----- GIVEN RECORDS -----

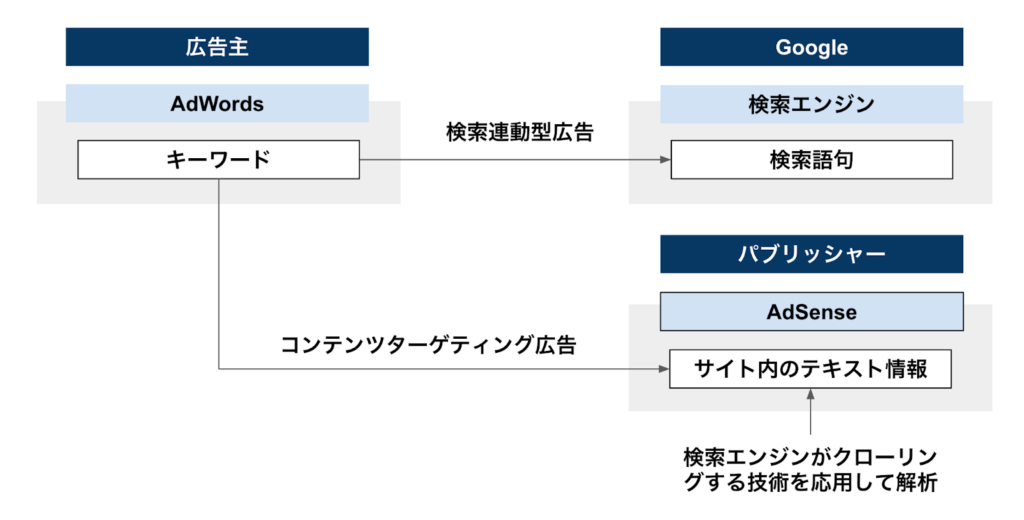 Googleの検索エンジンは「クローラー」(第18話参照)と呼ばれるロボットが世界中のウェブサイトのリンク構造を辿って各ウェブページを「インデックス化」(データベース化)しているのですが、この過程で各ウェブページのテキスト情報を読み込んでいます。この技術を広告用途に転用して各ウェブページのコンテンツの内容を解析し、広告主がターゲティングできるように整理しているのがAdSenseです。AdSenseの広告枠が貼られているウェブサイトを総称して「Google コンテンツネットワーク」と呼びました。現在の「Google ディスプレイネットワーク」の前身です。
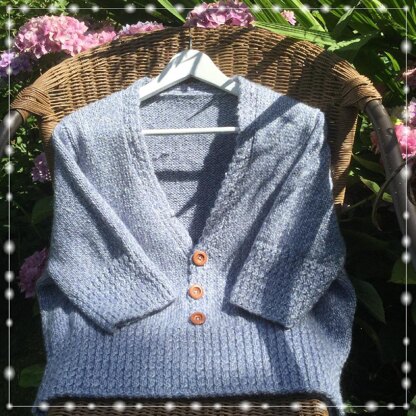 Loose fitting casual summer sweater, just the right weight and feel to pop on on cool summer nights. Has a deep welt in a twisted rib, that matches with the deep cuffs of the 3/4 elbow length sleeves. The sleeves are fitted and the front of the sweater is finished with a simple but effective 3 buttons ‘V’ neck feature. The pattern comes in 5 sizes and is knitted on 4 and 5 mm (US 6 and 8), so fine enough to show the detail but your knitting grows quite quickly. Please note on line stores add VAT onto my prices. I am not VAT registered so if you buy through my web site you don't pay VAT.
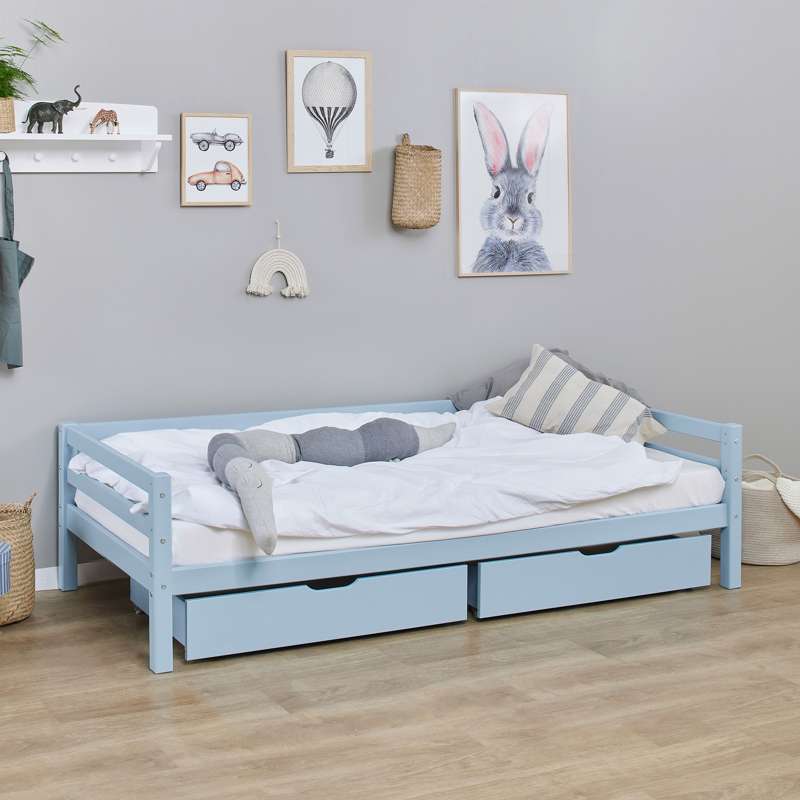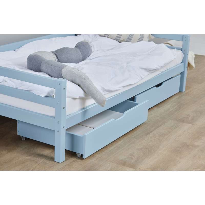 Εκμεταλλευτείτε τον χώρο κάτω από το κρεβάτι για αποθήκευση με το et έξυπνο σετ συρταριών από την Hoppekiks. Το σετ συρταριών αποτελείται από 2 μεγάλα φαρδιά συρτάρια με ρόδες, ώστε να μπορούν να κυλήσουν εύκολα μπροστά και πίσω κάτω από το κρεβάτι. Τα συρτάρια είναι ευρύχωρα, οπότε υπάρχει αρκετός χώρος για αποθήκευση παιχνιδιών, κλινοσκεπασμάτων ή ίσως κάτι εντελώς διαφορετικό. Το σετ έρχεται σε ένα όμορφο μπλε χρώμα, αλλά διατίθεται σε πολλά όμορφα χρώματα που ταιριάζουν με τα κρεβάτια από το Hoppekids.
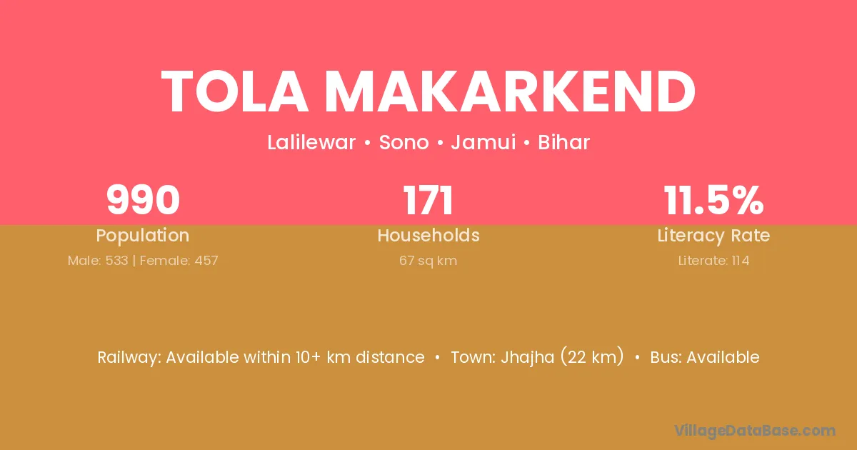 Jhajha (22 km) is the nearest town to Tola Makarkend village for major economic activities and is located approximately 22 km away.
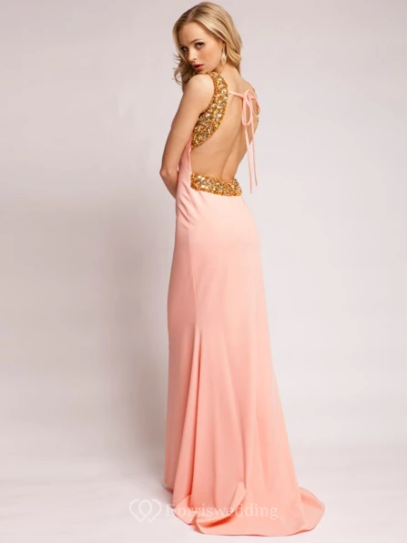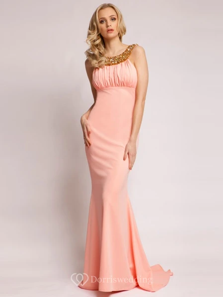 Sheath Sleeveless Floor-Length Scoop-Neck Beaded Jersey Prom Dress With Ruching
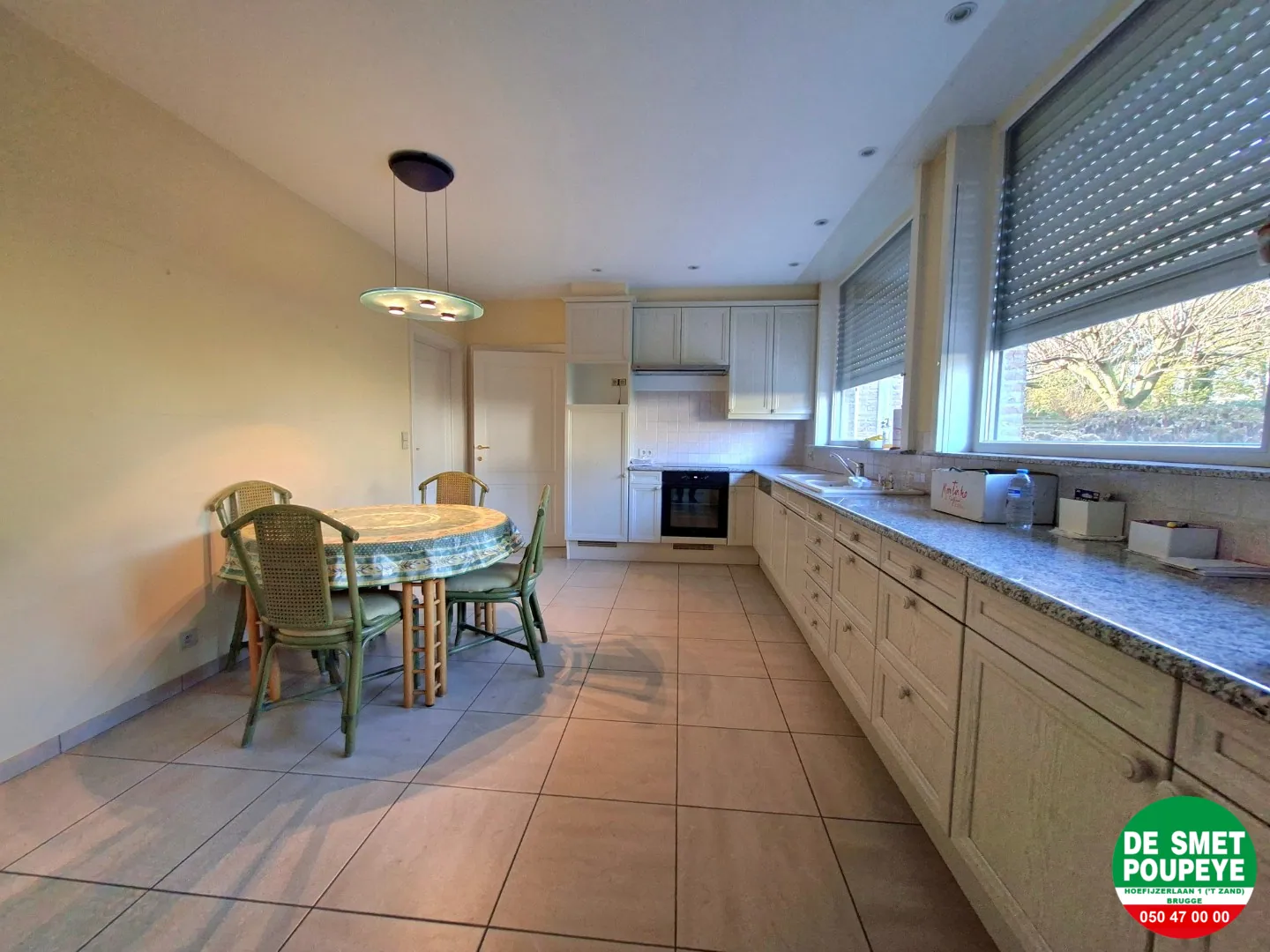 - ingerichte keuken : dampkap, keramische kookplaat, oven, frigo, vaatwasmachine en eethoek

-----

ASSIGNMENT: Word-for-word restatement: every line from the one with "Sheath Sleeveless Floor-Length" through the final line of the data, both ends included, pictures excluded.

RESULT:
 Sheath Sleeveless Floor-Length Scoop-Neck Beaded Jersey Prom Dress With Ruching
 - ingerichte keuken : dampkap, keramische kookplaat, oven, frigo, vaatwasmachine en eethoek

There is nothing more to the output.